• [WHAT THIS TASK INVOLVES] Quote the whole listing exactly. Leave the pictures out of your copy.

• [GIVEN INFORMATION]
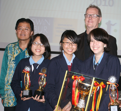 The team of Kimberly Lo, Rebekah Dawn Ba’o Ritchie and Serena Chew from Lodge International School took home the championship trophy in the senior category after defeating SMK Green Road over the motion This House Believes that the 1st World is serious about protecting the environment, it should pay for sustainable development programs in the 3rd World.
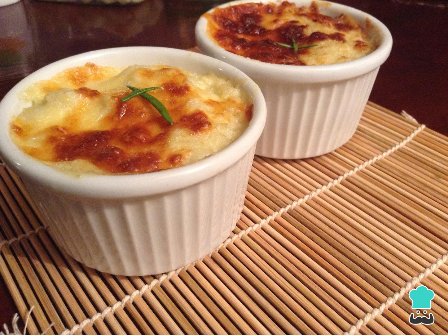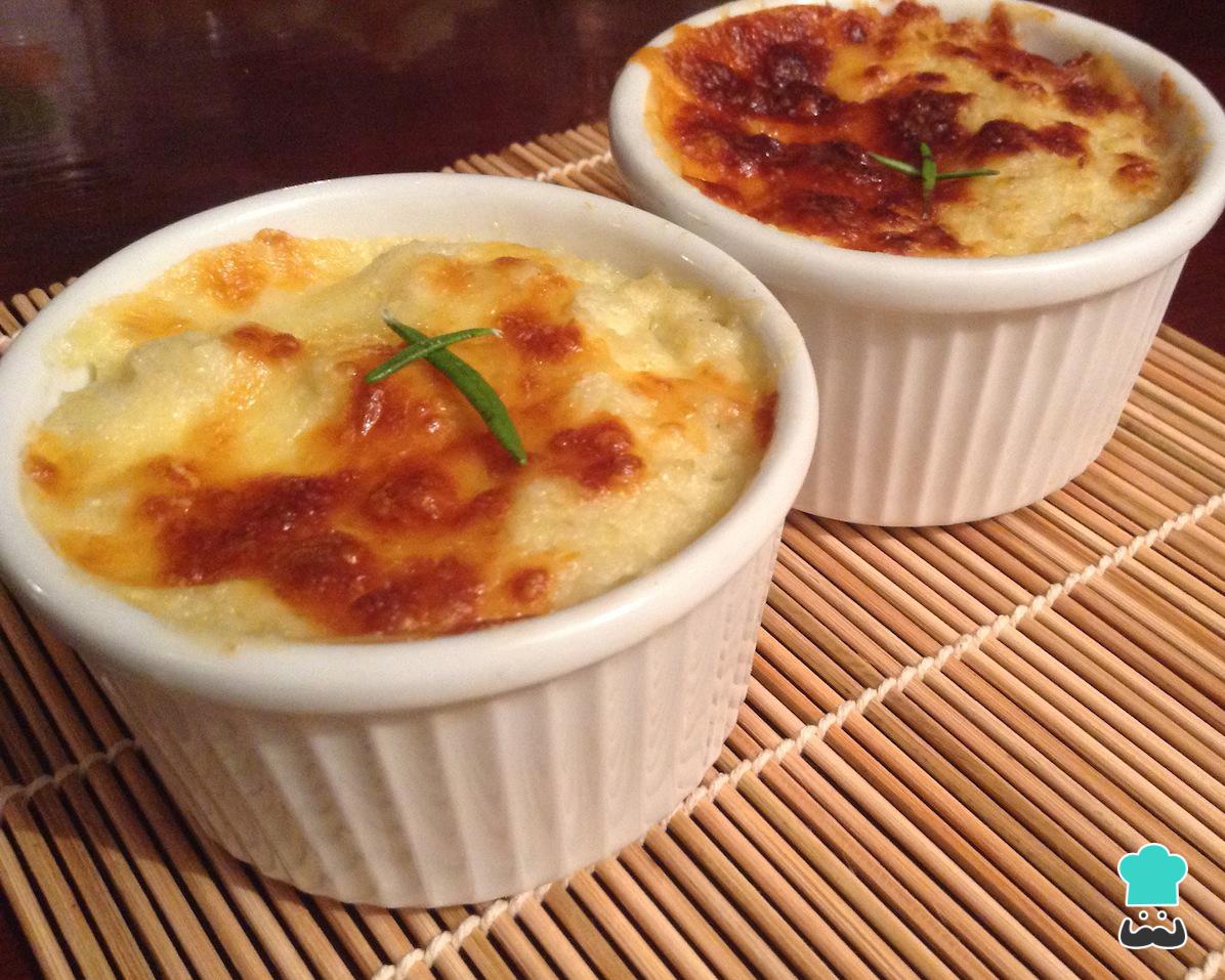Lleva el puré saludable a unas refractarias previamente engrasadas, adiciona el puré de coliflor en cada una de ellas bien distribuido.
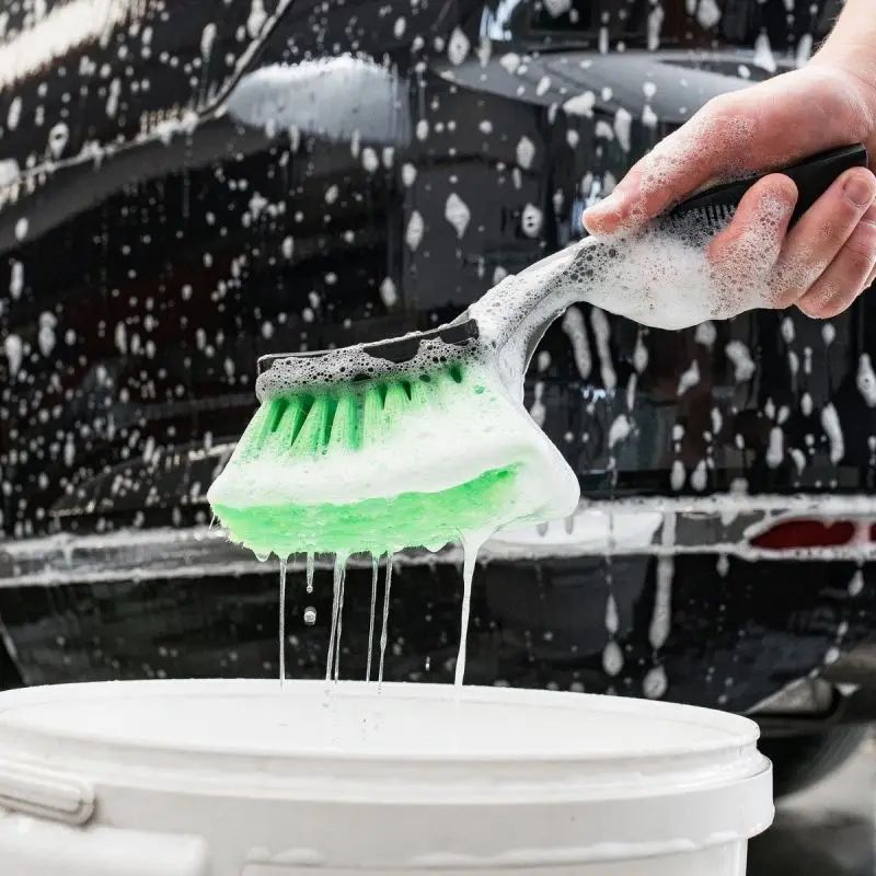 1. Pulverize o produto de limpeza adequado (shampoo automóvel, APC ou água) na superfície a limpar ou diretamente nas cerdas da escova.

• [ANSWER TO THE PROBLEM]
 The team of Kimberly Lo, Rebekah Dawn Ba’o Ritchie and Serena Chew from Lodge International School took home the championship trophy in the senior category after defeating SMK Green Road over the motion This House Believes that the 1st World is serious about protecting the environment, it should pay for sustainable development programs in the 3rd World.
Lleva el puré saludable a unas refractarias previamente engrasadas, adiciona el puré de coliflor en cada una de ellas bien distribuido.
 1. Pulverize o produto de limpeza adequado (shampoo automóvel, APC ou água) na superfície a limpar ou diretamente nas cerdas da escova.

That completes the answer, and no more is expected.